**Exercise objective:** Below is a listing; print exactly its lines from the one containing "Whether you're a" down to the one containing "Hier finden Sie", both inclusive, with every picture left out.

Dataset entries Block Start

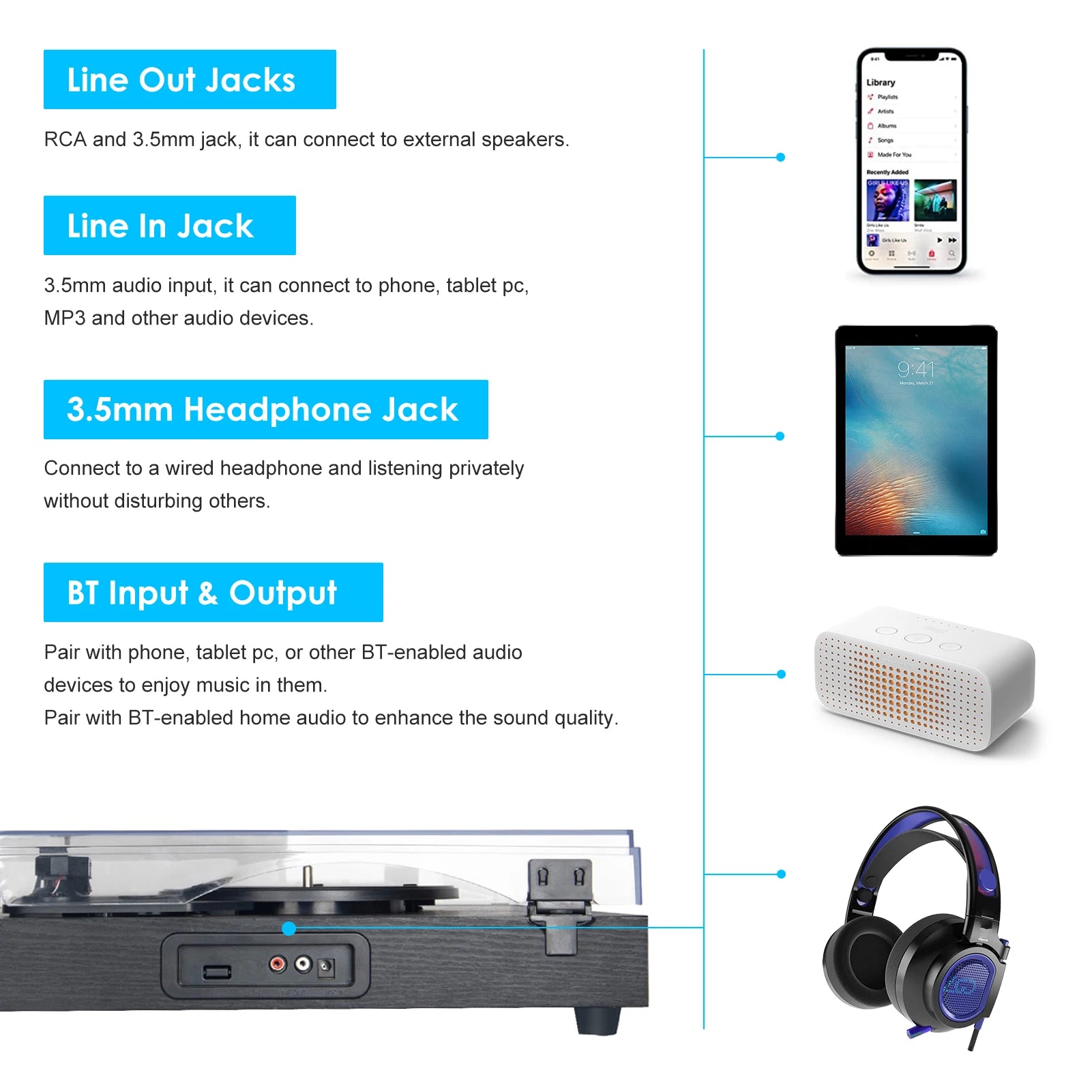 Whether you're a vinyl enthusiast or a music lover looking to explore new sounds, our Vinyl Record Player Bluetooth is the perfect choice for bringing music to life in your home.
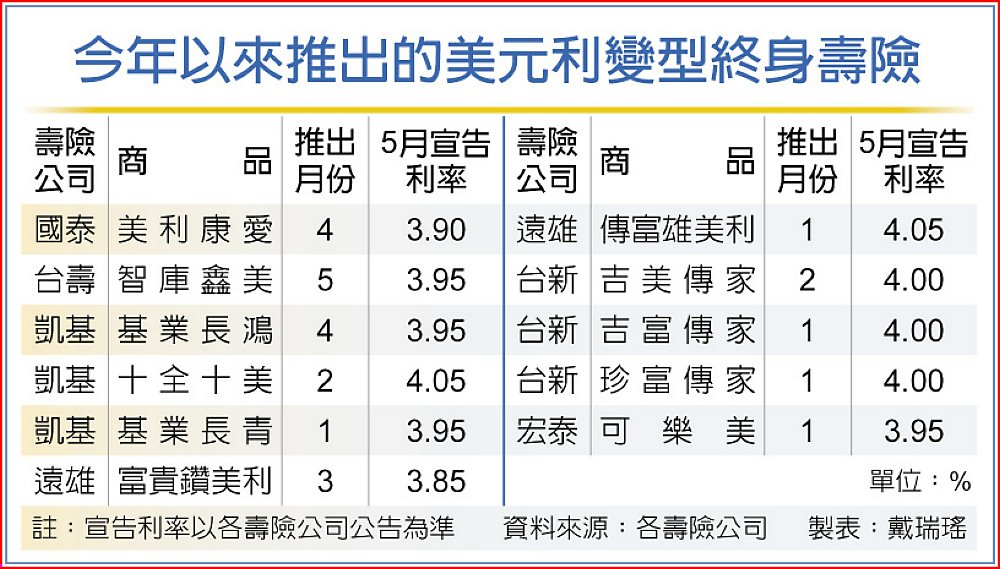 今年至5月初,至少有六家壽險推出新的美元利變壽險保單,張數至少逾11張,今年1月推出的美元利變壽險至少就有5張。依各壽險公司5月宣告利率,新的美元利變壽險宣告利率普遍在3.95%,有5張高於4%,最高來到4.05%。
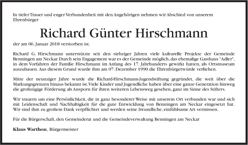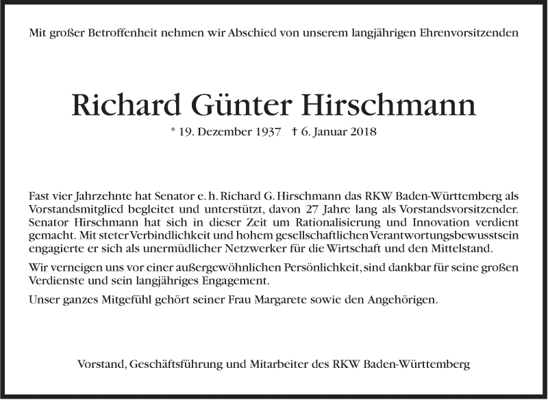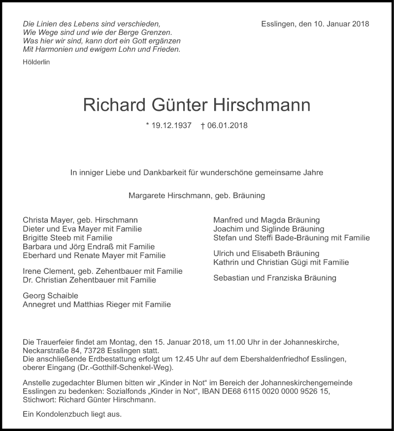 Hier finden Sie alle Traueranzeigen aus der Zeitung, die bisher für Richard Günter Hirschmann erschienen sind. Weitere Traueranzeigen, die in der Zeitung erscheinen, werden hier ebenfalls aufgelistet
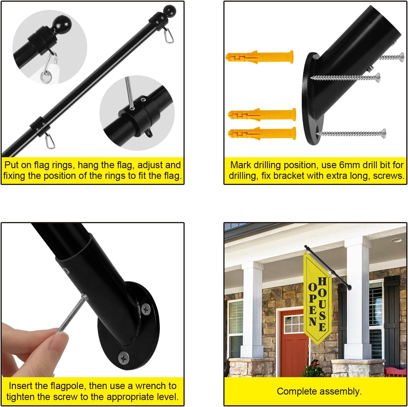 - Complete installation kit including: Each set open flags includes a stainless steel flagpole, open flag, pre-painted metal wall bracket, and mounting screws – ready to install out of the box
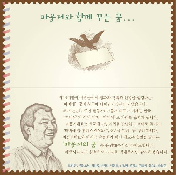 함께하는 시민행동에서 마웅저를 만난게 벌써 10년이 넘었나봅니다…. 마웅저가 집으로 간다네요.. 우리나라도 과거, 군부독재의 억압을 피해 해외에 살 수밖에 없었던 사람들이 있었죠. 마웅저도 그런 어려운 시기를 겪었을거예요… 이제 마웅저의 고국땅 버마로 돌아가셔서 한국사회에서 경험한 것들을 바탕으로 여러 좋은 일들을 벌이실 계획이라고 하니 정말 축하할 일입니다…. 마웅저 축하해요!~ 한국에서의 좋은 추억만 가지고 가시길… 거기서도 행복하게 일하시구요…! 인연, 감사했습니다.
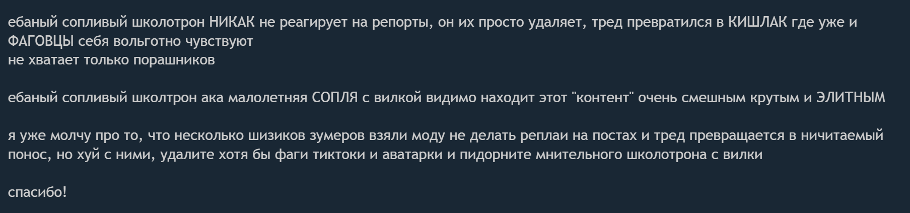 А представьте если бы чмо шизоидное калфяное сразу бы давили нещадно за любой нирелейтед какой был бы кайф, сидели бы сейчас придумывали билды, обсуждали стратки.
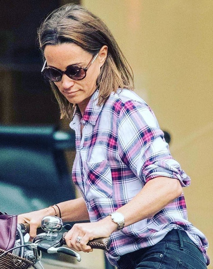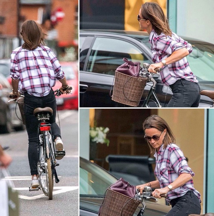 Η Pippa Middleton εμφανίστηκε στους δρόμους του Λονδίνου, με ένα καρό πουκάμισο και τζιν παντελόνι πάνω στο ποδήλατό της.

Dataset entries Block End
Dataset entries Block Start

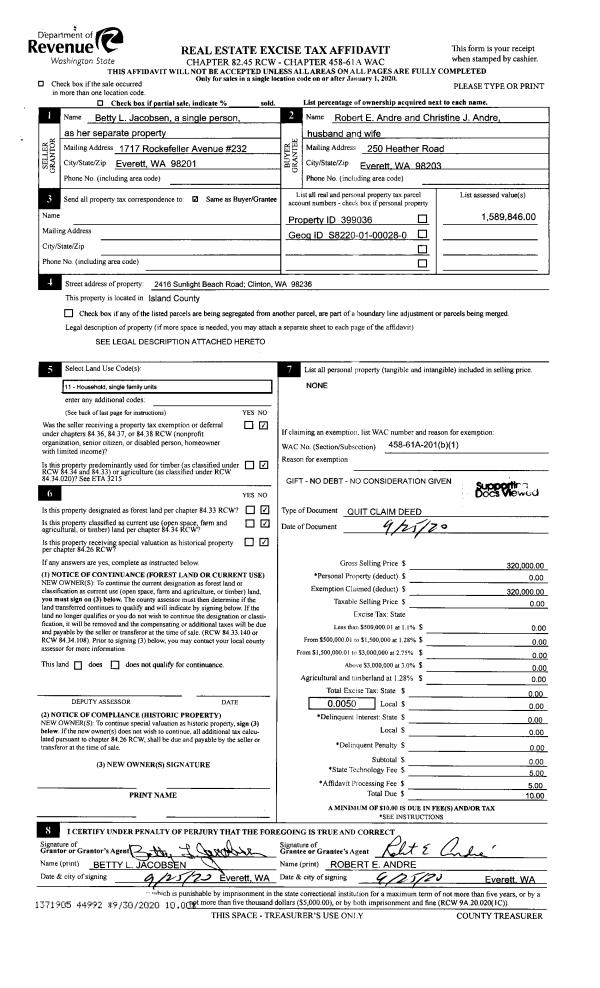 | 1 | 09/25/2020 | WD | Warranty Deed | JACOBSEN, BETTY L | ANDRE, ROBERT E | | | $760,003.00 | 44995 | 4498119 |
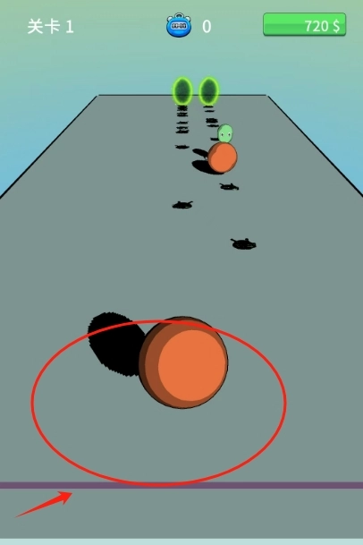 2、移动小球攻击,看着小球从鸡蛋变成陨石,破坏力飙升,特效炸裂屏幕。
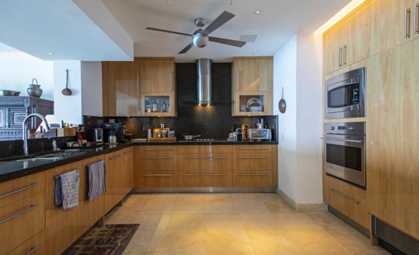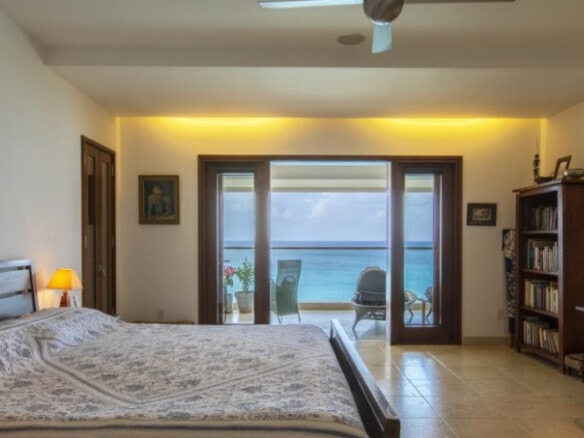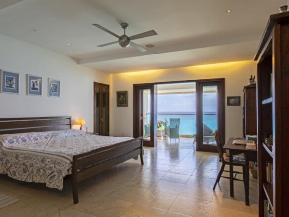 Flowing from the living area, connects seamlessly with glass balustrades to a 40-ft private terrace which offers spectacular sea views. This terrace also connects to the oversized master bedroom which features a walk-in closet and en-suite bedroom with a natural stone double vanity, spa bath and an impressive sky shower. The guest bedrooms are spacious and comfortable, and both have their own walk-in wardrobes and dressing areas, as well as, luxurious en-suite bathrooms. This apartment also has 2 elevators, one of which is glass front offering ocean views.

Dataset entries Block End

**Answer to this task:**
 Whether you're a vinyl enthusiast or a music lover looking to explore new sounds, our Vinyl Record Player Bluetooth is the perfect choice for bringing music to life in your home.
 今年至5月初,至少有六家壽險推出新的美元利變壽險保單,張數至少逾11張,今年1月推出的美元利變壽險至少就有5張。依各壽險公司5月宣告利率,新的美元利變壽險宣告利率普遍在3.95%,有5張高於4%,最高來到4.05%。
 Hier finden Sie alle Traueranzeigen aus der Zeitung, die bisher für Richard Günter Hirschmann erschienen sind. Weitere Traueranzeigen, die in der Zeitung erscheinen, werden hier ebenfalls aufgelistet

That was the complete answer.